By focusing on a single evening in Galahad’s life, Selvon is able to expose readers to the everyday joys and sorrows of this new location for Caribbean migrants. Piccadilly Circus symbolizes all that Galahad loves about London, and it continues to affect him as it did when he first arrived: “that circus have a magnet for him, that circus represent life, that circus is the beginning and the ending of the world” (74). While walking through the city in his expensive new clothes and thinking about the young woman he has a date to meet under the big clock in Piccadilly tube station, Galahad is aware only of the exciting and pleasant side of London, until a child’s stare reminds him that he is seen racially. When he smiles and tries to be friendly, “the child cower and shrink and begin to cry” (71). By this stage in the novel, Galahad has established himself in London; yet, unlike the more jaded Moses, he seems still to appreciate its beauty. Through this crucial moment of racial recognition, Selvon awakens his character from his fantasy and plunges him in the dark world of binary oppositions.

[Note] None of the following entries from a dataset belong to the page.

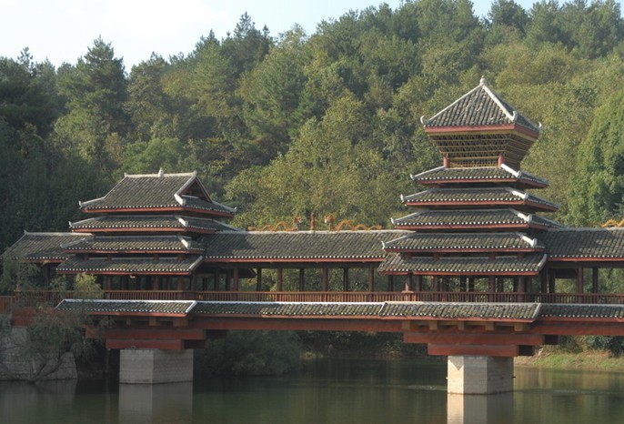 風(fēng)雨撟極富民族特色,也是侗寨特有的建筑之一。因撟上建有廊和亭,即可行人,又可避風(fēng)雨,故稱風(fēng)雨撟。坐落在廣西三江林溪河上的程陽(yáng)撟是風(fēng)雨撟的代表。這座撟始建於1916年,是一座四孔五墩伸臂木梁撟,全長(zhǎng)76米,寬3.4米,高10.6米。在5座青石撟墩上,架四五尺圍大的6根連排杉木兩層為梁,上面以5座不同屋頂?shù)臉情w相間,接連構(gòu)成一條長(zhǎng)廊式走道撟面,走道兩旁設(shè)長(zhǎng)凳,供行人避雨和休息,樓閣和廊檐繪精美侗族圖案。五個(gè)石墩上各筑有寶塔形和宮殿形的撟亭,逶迤交錯(cuò),氣勢(shì)雄渾。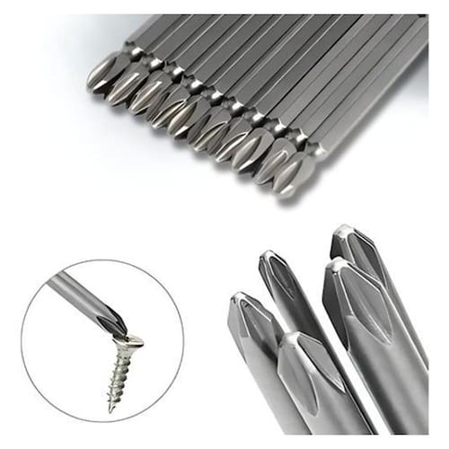 Melhore seu desempenho em parafusamentos com o Kit de 10 Bits PH2 100mm com Pontas Duplas Imantadas Esses bits são ideais para uso em parafusadeiras e furadeiras, oferecendo a praticidade de pontas duplas e a eficiência de extremidades imantadas.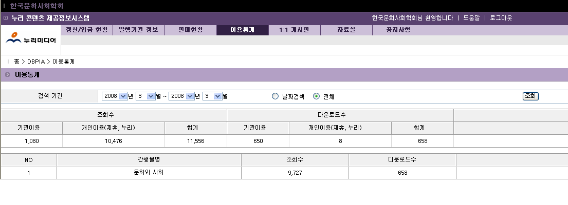 아시다시피 <문화와 사회>가 전자저널화 되어 있는데요...오늘 우연히 이용통계를 들여다 보다가 편집위원분들도 한번 보시면 좋겠다는 생각이 들어 올립니다. 판매액수도 9400 원 정도 되는 것 같더군요. ^^ 참고하시길요... (첨부 화일 열어보시면 됩니다.)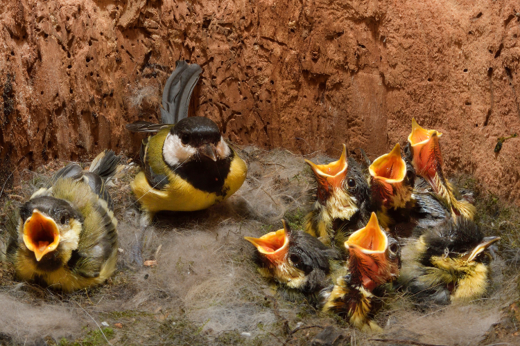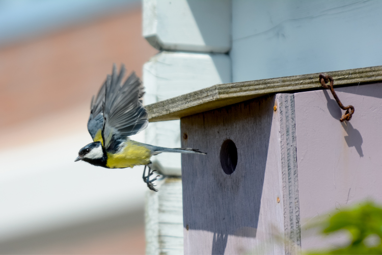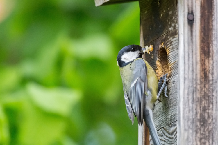 De koolmezen hebben gebrek aan nestruimte, dus een nestkastje in de tuin is zeer gewenst. Hang het vooral niet in de volle zon.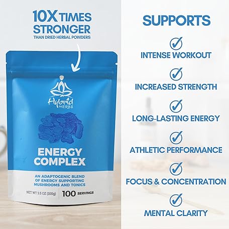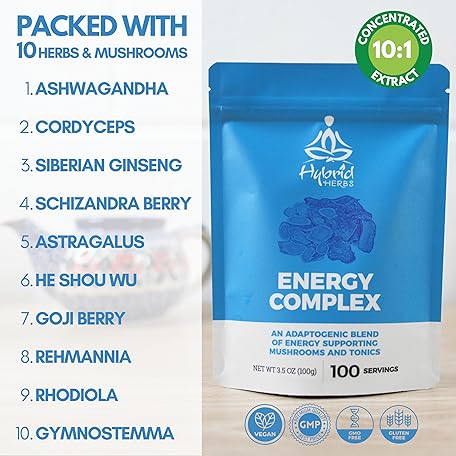 Thông tin sản phẩm HYBRID HERBS - Energy Complex | Adaptogen Blend of Ashwagandha, Cordyceps, Siberian Ginseng, Schizandra, Astragalus, He Shou Wu, Goji Berry, Rehmannia, Rhodiola, Gynostemma | 100 Servings (100g)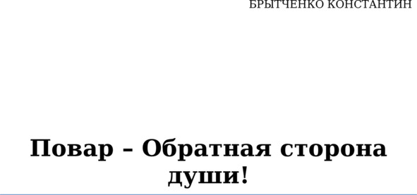 В ней описано моё личное представление о профессии Повар. Эти строки я решил объединить в одно целое – книгу, собрав некоторые истории, записи, пометки, рецепты; отмечая интересные факты и события, а так же учёл многолетний личный и опыт других поваров – тружеников этой тяжёлой и многосторонней профессии.

Studying the colour of his hand, he begins a kind of schizoid dialogue between two irreconcilable versions of his identity, one hegemonic, one subordinate, between someone he regards as “me” (an entity that can be integrated into universalized manhood) and the adversary of “me,” the colour black:

Galahad watch the colour of his hand, and talk to it, saying, ‘Colour, is you that causing all this . . . You know is you that cause a lot of misery in the world… I ain’t do anything to infuriate the people…, is you!’ Galahad talking to the colour Black, as if he is a person, telling it that is not he who causing botheration in the place, but Black, who is a worthless thing for making trouble all about. (77)

Page 3: Galahad's Identity Crisis

For Galahad, “Black” is worthless because it fixes him in the world of subordination, restricting his access to the grand narrative of masculine legitimacy and the material, sexual, and psychological rewards it promises. For Galahad and the other boys, a life lived according to the terms of epic masculinity demands that they renounce large parts of themselves, and their obsession with fitting into a particular framework causes them to misread the possibilities of their own lives and instead to struggle to fit inside the limited parameters posited by a grand narrative of heroic masculine behaviour.